While I agree with much of the Court's opinion and its disposition, I disagree on two points. First, the suggestion that nonprofit health organizations may be “directly liable” for injuries a negligent physician causes due to the nonprofit's inadequate policies is artful pleading insufficient to impose vicarious liability. Section 162.0021 forecloses such liability to the extent it rests on a physician's exercise of medical judgment as the cause of the injury.

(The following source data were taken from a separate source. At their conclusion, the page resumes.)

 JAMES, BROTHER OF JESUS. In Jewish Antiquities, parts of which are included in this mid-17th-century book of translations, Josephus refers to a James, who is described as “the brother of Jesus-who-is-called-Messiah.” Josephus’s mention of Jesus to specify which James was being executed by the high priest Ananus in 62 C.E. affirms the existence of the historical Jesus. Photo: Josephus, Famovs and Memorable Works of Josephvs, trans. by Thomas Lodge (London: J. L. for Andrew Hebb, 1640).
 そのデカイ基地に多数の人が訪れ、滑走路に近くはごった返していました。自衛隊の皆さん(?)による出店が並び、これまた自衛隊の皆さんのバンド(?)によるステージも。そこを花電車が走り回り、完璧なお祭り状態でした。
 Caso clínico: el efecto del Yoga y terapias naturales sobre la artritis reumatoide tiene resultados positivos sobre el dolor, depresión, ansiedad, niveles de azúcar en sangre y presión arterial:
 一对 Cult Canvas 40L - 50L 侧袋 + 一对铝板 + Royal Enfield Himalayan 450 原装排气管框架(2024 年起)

Second, a qualifying nonprofit need only invoke the statute if the pleadings allege a physician's exercise of medical judgment caused the injury to establish a legal defense.1 The burden then shifts to the nonmovant to raise a fact issue demonstrating that conduct outside the physician's medical judgment was a cause of the injury. To obtain summary judgment, a nonprofit is not required to rebut unpleaded allegations that (1) the nonprofit somehow controlled the physician's conduct without interfering with the physician's medical judgment; or (2) unlawfully interfered with that judgment.

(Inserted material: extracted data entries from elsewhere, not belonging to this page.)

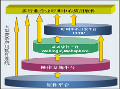 应用软件可以是基于硬件平台、操作系统、基础软件架构平台(比如J2EE中间件,Bea Weblogic, IBM WebSphere等)、业务基础软件平台这几个不同的层次来开发实现的。目前大多数应用软件开发商都是基于操作系统或基础软件架构平台这两个层次上来直接构建应用软件,而没有一个通用的、开放的、扩展能力强的业务软件开发平台来支持,比较难满足呼叫中心业务软件在个性化、灵活、可重用方面需求。
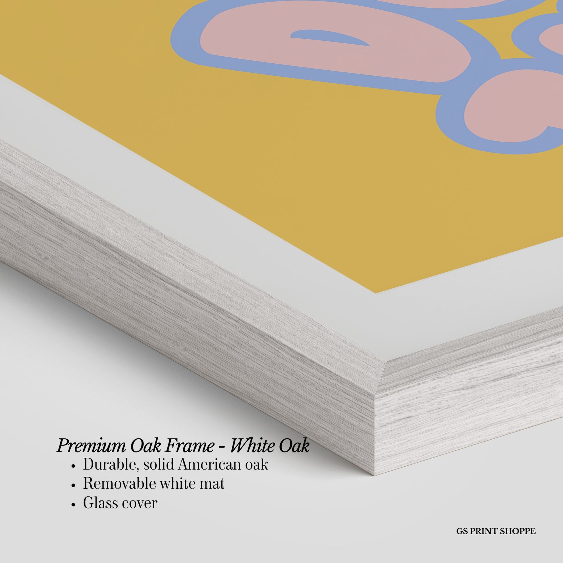 Premium Oak Frame: Our premium oak frame is crafted from solid American oak, offering a warm, natural feel with a high-end finish. We complete this elevated offering with a bright white removable mat and real glass for a versatile and polished look.
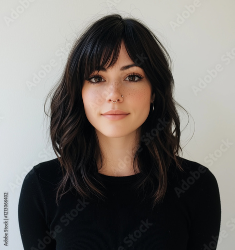 Young Woman with Wavy Hair and Black Sweater, Headshot portrait, Wolf Hair Cut, Black Hair,

Those disagreements aside, I agree that the trial court properly denied summary judgment. Sometimes the description of a case on appeal is unfamiliar to the trial court judge on the ground as the appellate process takes hold. While the nonprofit organization in this case preserved its argument that it had no right to control its employed physician's work, its motion for summary judgment did not invoke Occupations Code Section 162.0021. The motion instead focused on common law vicarious liability and the general principle that physicians must exercise independent medical judgment. The motion did not adequately notify the nonmovants of the nonprofit's reliance on statutes that govern it and the import those statutes have for claims of vicarious liability against it. Accordingly, I concur in the Court's judgment.
I
Rebecca Lugo alleges that Dr. Michael Burke placed a retractor during surgery that migrated when it should not have. Per the petition, the retractor migrated because (1) Dr. Burke contacted it, (2) a surgical technician handed a suction device to Dr. Burke, and the device or its tubing contacted it, or (3) the surgical technician independently contacted the retractor. Lugo sued Dr. Burke, Renaissance Medical Foundation—a certified nonprofit health organization—and the hospital that employed the surgical technician. Pertinent to this appeal, Lugo claims that Dr. Burke was negligent in performing the surgery, causing her daughter's injury, and that Renaissance is vicariously liable for Dr. Burke's negligence as his employer.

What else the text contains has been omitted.